Le Comité national de liaison dénonce les attaques du régime de Damas dont est victime la population syrienne.

La demande d’un soutien économique a été aussi entendue :

Le Comité national de liaison demande aux Kurdes du Kurdistan sud [Région autonome du Kurdistan d’Irak] d’ouvrir grandes les portes de la vie commerciale et économique et de contribuer ainsi à améliorer les conditions matérielles des Kurdes du Kurdistan occidental et à lutter contre la crise économique qui sévit actuellement.

Diversité

Le nombre des intervenants, leurs appartenances politiques et religieuses ont donné à ce colloque une richesse assez exceptionnelle, le tout se passant sous l’autorité tranquille et souriante de la présidente de séance, Nîlûfer Koç. Un soin particulier a été porté pour ménager les susceptibilités et traiter chaque représentation de façon égalitaire. Chacun a tenu des propos unitaires et solidaires, tout en marquant sa différence. Tel le représentant du parti kurde irakien Goran dénonçant ouvertement la corruption et le manque de démocratie au Kurdistan sud et terminant son intervention par “une dictature est une dictature ; une dictature kurde est une dictature”.
Nombre d’orateurs ont montré l’intérêt de laisser à chaque partie du Kurdistan le soin de dégager sa propre stratégie, tel représentant de tel parti kurde irakien ne souhaitant pas, par exemple, se mêler des affaires intérieures du Kurdistan occidental. Il a été fait aussi référence aux “conseils populaires” locaux mis en place dans le Kurdistan occidental qui constituent autant d’éléments propres à instaurer une dynamique et appel a été lancé en particulier aux femmes pour qu’elles s’engagent délibérément au niveau des quartiers, des villes et sur le plan régional et national.
Un vent de démocratie de la base vers le sommet a soufflé.
Antoine Bagdikian, au nom des 400 associations arméniennes en France a exprimé la solidarité arménienne et Mgr Ibrahim, métropolite syriaque orthodoxe, concluait, dans son message envoyé d’Alep, par : “La résistance c’est la vie. Alors, nous allons résister.”

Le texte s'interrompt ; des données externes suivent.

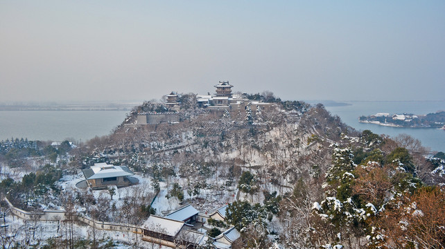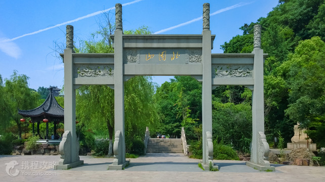 北固山是长江边的“京口三山”之一,位于另两座山金山和焦山中间,海拔55.2米。山上的景点多与《三国演义》中的故事有关,以北固山公园-甘露寺出名,是故事里刘备招亲结识孙尚香的地方。古往今来,游客到此都为寻访三国英雄的足迹,辛弃疾游此曾留下“天下英雄谁敌手?曹刘,生子当如孙仲谋”的名句。它由前峰、中峰、后峰(主峰)组成;前峰在南边,与中峰被马路隔开,上面是镇江烈士陵园;中峰在中间;后峰在北边,直插入长江中。游客游览的主要是中峰、后峰,两峰相连,因为此山不大,所以并无一般巍峨大山需要上上下下的辛苦。山上多有岔道,可沿“8”字形的主要道路游览。上山可走“8”字下面圆圈的左半边,进大门后左边是凤凰池,右边的试剑石据说是刘备与孙权劈石许愿所留,然后沿东吴古道拾级而上,到“8”字两圆交汇处附近的铁塔。铁塔底下两层是宋代古迹,上两层是明代古迹,虽然残破但仔细看基座和塔身上都有漂亮的花纹。山顶上的环线构成“8”字上面的圆圈,看到刻有“天下第一江山”的墙壁后,走对面写有“南徐净域”题额的拱门(南徐是镇江别名),拱门西边所连接着的石砌建筑便是北固山公园-甘露寺,康熙、乾隆曾在此建行宫,现在寺西还留有御碑亭。寺内有大殿、老君殿、观音殿和江声阁等建筑,按照《三国演义》第五十四回“吴国太佛寺看新郎,刘皇叔洞房续佳偶”,殿堂里放置着表现故事情节的三国人物塑像。北固山公园-甘露寺后的多景楼又名北固山公园-北固楼,为现代新建,是看风景好的地方,登楼所见脚下长江波澜壮阔,往西能见金山,往东能见焦山。多景楼西有狠石,据说是孙权与刘备(一说诸葛亮)共商赤壁大计之处,还有孙、刘赛马的溜马涧;东有祭江亭,据说是孙尚香听闻刘备过世后投江自尽的地方。回到铁塔处,可以走“8”字下面圆圈的右半边下山,一路看看中山纪念林,东吴孙权的名臣鲁肃墓,名将太史慈墓,最后回到大门口。若时间充裕,推荐北固山北边的江边风景带,不要钱,沿着铺于长江上的木头栈道走走,吹吹江风特别舒服。还可以看看东边山脚的东吴文化长廊,长廊的墙上挂着一幅幅展现东吴历史的书画。

Appel à la communauté internationale

Le Comité national de liaison demande aux démocrates et aux humanistes de la communauté internationale d’apporter leur aide aux Kurdes du Kurdistan occidental afin que soit officiellement reconnue, dans le cadre d’une Syrie démocratique, la légitimité d’un statut national pour le Kurdistan occidental fondé sur la reconnaissance d’une organisation autogestionnaire régie selon les normes et les principes démocratiques.
Le Comité national de liaison déplore l’interpellation par la police française, à la demande de l’Etat turc, d’un des diplomates kurdes, membre du conseil exécutif du KNK, Adem Uzun.
Le Comité national de liaison souhaite, au nom des relations amicales qui lient les peuples français et kurde, que l’Etat français ne s’engage pas dans une telle voie et rectifie cette injustice en libérant Adem Uzun dans les meilleurs délais.